Thermochemically stable ceramic composite membranes based on Bi2O3 for oxygen separation with high permeability

Abstract

Ceramic oxygen separation membranes can be utilized to reduce CO₂ emissions in fossil fuel power generation cycles based on oxy-fuel combustion.

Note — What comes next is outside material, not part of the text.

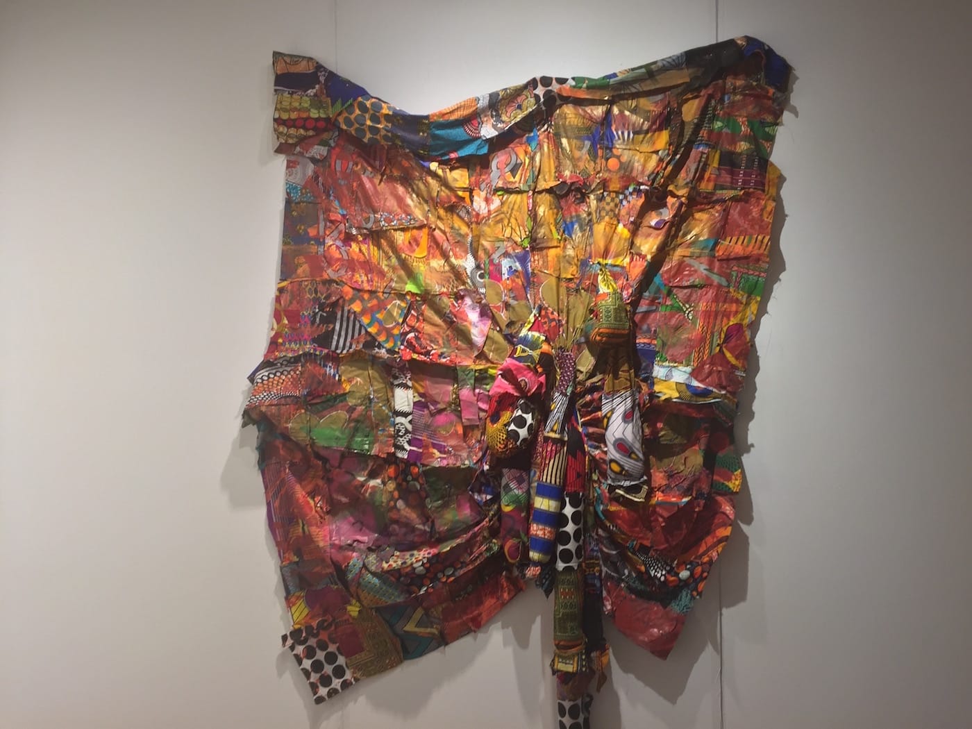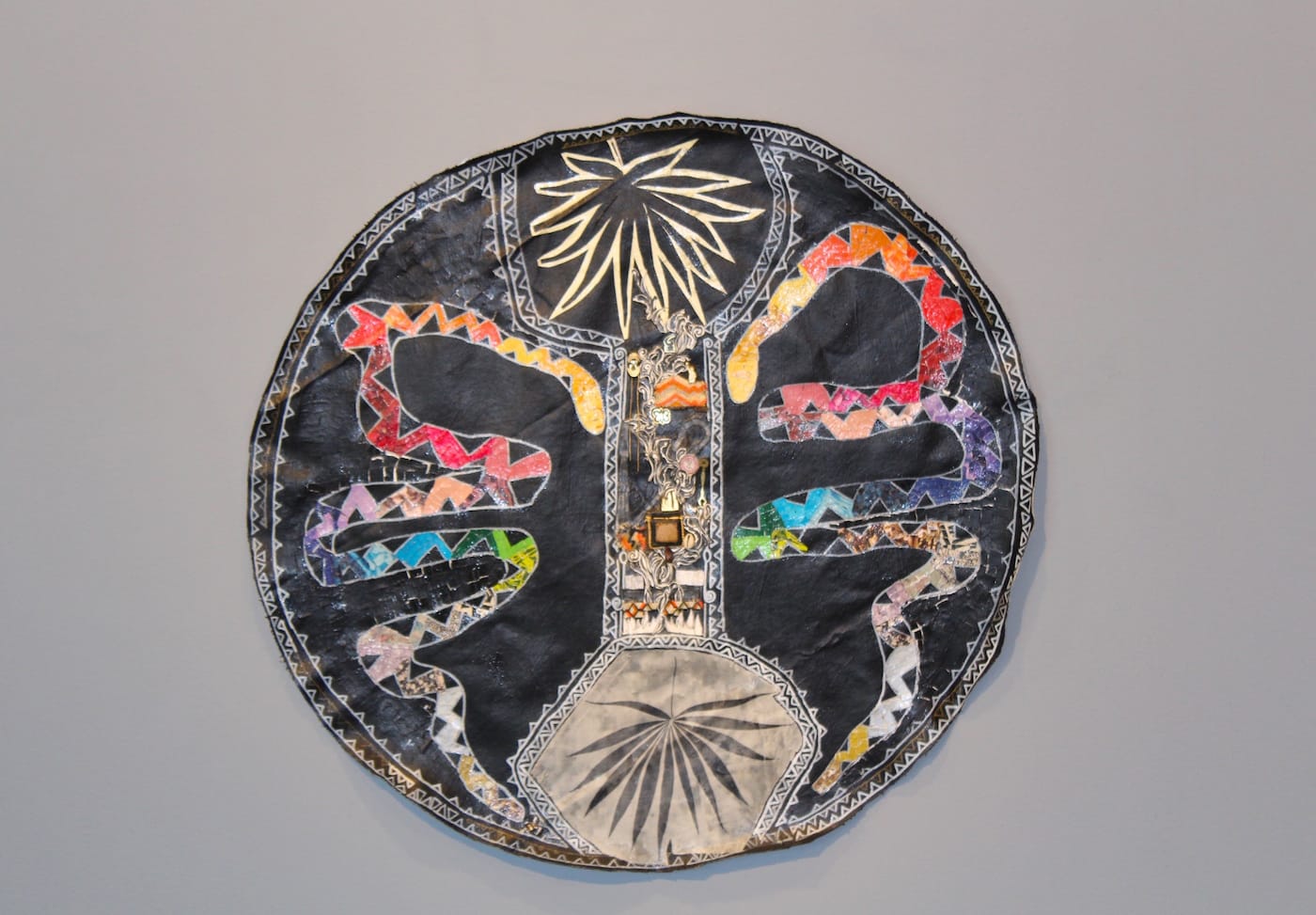 The work at Prizm also channels the spirit of embodiment — the literal, manifested act of being fully inside one’s body. Presence, people call it. Reimagining the self is some form of transformation as well; it’s everywhere at Prizm: Osi Audu’s graphite self-portraits that look like voids, their sheen a suggestion of what’s inside. Amber Robles-Gordon’s works that look like mandalas, decorated with her belongings — cowrie shells, jewels — and entrail-like snakes. Adriana Farmiga’s watercolor acrylic nails, painted rainbow-pastel. Jamele Wright’s big, gorgeous tapestries of fabric, repeated patterns — a reference to the mingling of identities, recycling, even in hip-hop — and red dirt from the earth.

State-of-the-art oxygen permeable membranes based on Ba_0.5Sr_0.5Co_0.8Fe_0.2O_3−δ (BSCF) offer high oxygen permeability but suffer from long-term instability, especially in the presence of CO₂. In this work, we present a novel ceramic composite membrane consisting of 60 vol% (Bi_0.8Tm_0.2)₂O_3−δ (BTM) and 40 vol% (La_0.8Sr_0.2)_0.99MnO_3−δ (LSM), which shows not only comparable oxygen permeability to that of BSCF but also outstanding long-term stability. At 900 °C, oxygen fluxes of 1.01 mL min⁻¹ cm⁻² and 1.33 mL min⁻¹ cm⁻² were obtained for membranes with thicknesses of 1.35 mm and 0.75 mm, respectively. Moreover, significant oxygen fluxes were obtained at temperatures down to 600 °C. A stable operation of the membrane was demonstrated with insignificant changes in the oxygen flux at 750 °C for approx. one month and at 700 °C with 50% CO₂ as the sweep gas for more than two weeks.